Climate models had predicted that ocean circulation would accelerate with unmitigated climate change, but these changes were not expected to occur until much later this century, according to Michael McPhaden, a senior scientist at the National Oceanic and Atmospheric Administration and a co-author of the study.

This disparity suggests that some climate models may be underestimating the effects of global warming.

“Our primary tool for looking into the future about how greenhouse gas forcing will impact the climate system is these models,” McPhaden said. “If we can’t have confidence in their projections, that raises very serious concerns about how we prepare for a future world different from the one today.”

McPhaden and his colleagues discovered that currents in three-quarters of the world’s oceans have accelerated over the last two decades, driven primarily by faster and more intense winds. On average, the researchers found that global ocean circulation has accelerated by 36 percent since the early 1990s.

“It surprised us how strong it was and how persistent it was over this time period — it was just too dramatic to be accounted for by natural fluctuations,” McPhaden said. “This is another manifestation of how the climate system is reacting to human activity.”

Ocean currents form a complex web of underwater highways that move water and heat around the globe.
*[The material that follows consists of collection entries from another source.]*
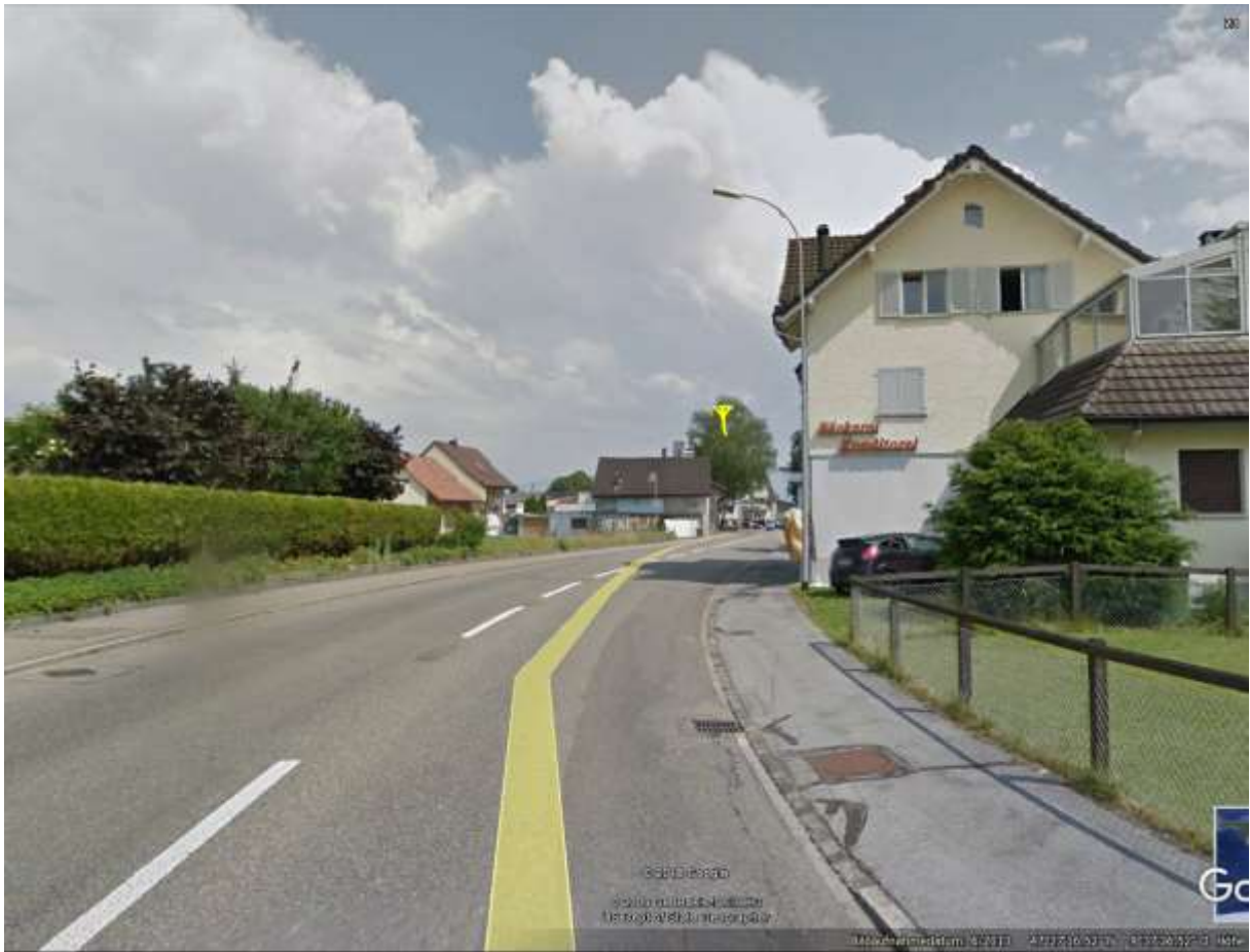
Laubbaum, im Februar keine / nur schwache Dämpfung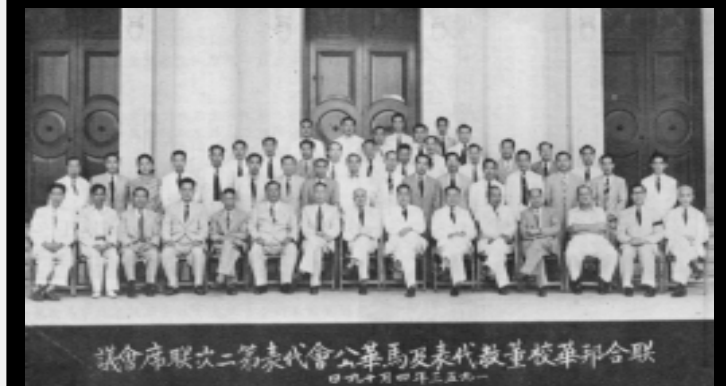
▲ 1954年4月19日，华校董教代表及马华公会代表第二次联席会议。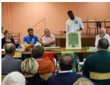
La réunion publique d'information

When currents funnel warm water from the equator to the poles, for example, this helps regulate land temperatures and drive weather systems.
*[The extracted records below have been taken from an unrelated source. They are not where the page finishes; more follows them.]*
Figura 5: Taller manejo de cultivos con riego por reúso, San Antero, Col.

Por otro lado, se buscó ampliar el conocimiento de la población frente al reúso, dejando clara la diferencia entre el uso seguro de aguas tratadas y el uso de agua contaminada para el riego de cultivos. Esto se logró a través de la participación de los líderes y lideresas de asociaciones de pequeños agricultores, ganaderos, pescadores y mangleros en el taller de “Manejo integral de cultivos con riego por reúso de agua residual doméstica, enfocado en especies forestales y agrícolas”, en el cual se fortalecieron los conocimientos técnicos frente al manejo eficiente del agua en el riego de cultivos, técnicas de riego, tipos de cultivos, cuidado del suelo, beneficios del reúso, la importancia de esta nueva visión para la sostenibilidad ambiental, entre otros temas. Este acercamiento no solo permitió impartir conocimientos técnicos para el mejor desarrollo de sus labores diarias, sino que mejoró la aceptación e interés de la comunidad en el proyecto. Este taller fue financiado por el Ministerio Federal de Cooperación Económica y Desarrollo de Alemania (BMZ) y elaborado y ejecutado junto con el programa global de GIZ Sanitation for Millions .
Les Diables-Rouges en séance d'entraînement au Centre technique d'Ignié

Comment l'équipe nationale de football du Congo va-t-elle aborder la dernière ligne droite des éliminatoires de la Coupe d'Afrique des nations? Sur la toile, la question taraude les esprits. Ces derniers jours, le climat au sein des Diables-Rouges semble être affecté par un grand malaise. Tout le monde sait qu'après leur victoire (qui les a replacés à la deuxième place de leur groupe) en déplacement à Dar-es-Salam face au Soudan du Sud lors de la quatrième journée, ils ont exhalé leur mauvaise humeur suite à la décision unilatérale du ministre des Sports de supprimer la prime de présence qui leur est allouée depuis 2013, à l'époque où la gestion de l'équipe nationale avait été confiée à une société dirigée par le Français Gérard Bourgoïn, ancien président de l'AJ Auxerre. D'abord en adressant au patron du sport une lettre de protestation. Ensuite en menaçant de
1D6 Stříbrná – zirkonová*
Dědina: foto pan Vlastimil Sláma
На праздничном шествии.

“It’s like a global circulatory system that helps keep us healthy,” said Douglas Rader, chief ocean scientist at the Environmental Defense Fund, a nonprofit environmental advocacy group headquartered in New York. “It keeps the tropics cool enough to live in and northern regions warm enough to live in.”

Rader, who was not involved with the new research, said changes to this dynamic process could “threaten the planet’s life-support system” and overwhelm the resilience of ecosystems and communities.
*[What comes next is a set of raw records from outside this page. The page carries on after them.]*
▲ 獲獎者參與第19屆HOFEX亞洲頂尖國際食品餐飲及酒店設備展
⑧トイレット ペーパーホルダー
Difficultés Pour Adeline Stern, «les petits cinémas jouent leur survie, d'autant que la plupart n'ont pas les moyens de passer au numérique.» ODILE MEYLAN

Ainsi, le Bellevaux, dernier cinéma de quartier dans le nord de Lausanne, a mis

For the new study, the researchers tapped into a network of free-drifting instruments, known as Argo floats, to measure the movement of water up to a depth of 2,000 meters.

Though faster currents were observed in 76 percent of the world’s ocean waters, the most dramatic changes were seen in the tropics.

“There has been evidence that trade winds in the tropics have been strengthening over the past few decades, so we expected some response to that,” said Janet Sprintall, a co-author of the study and an oceanographer at the Scripps Institution of Oceanography at the University of California, San Diego. “But the acceleration was happening at a faster pace than what wind alone could explain.”

Scientists have observed an increase in the intensity of surface winds since the 1990s, combined with a steady rise in greenhouse gas emissions over the same time period. But McPhaden said the exact links between increased greenhouse gases and faster ocean currents are still unknown.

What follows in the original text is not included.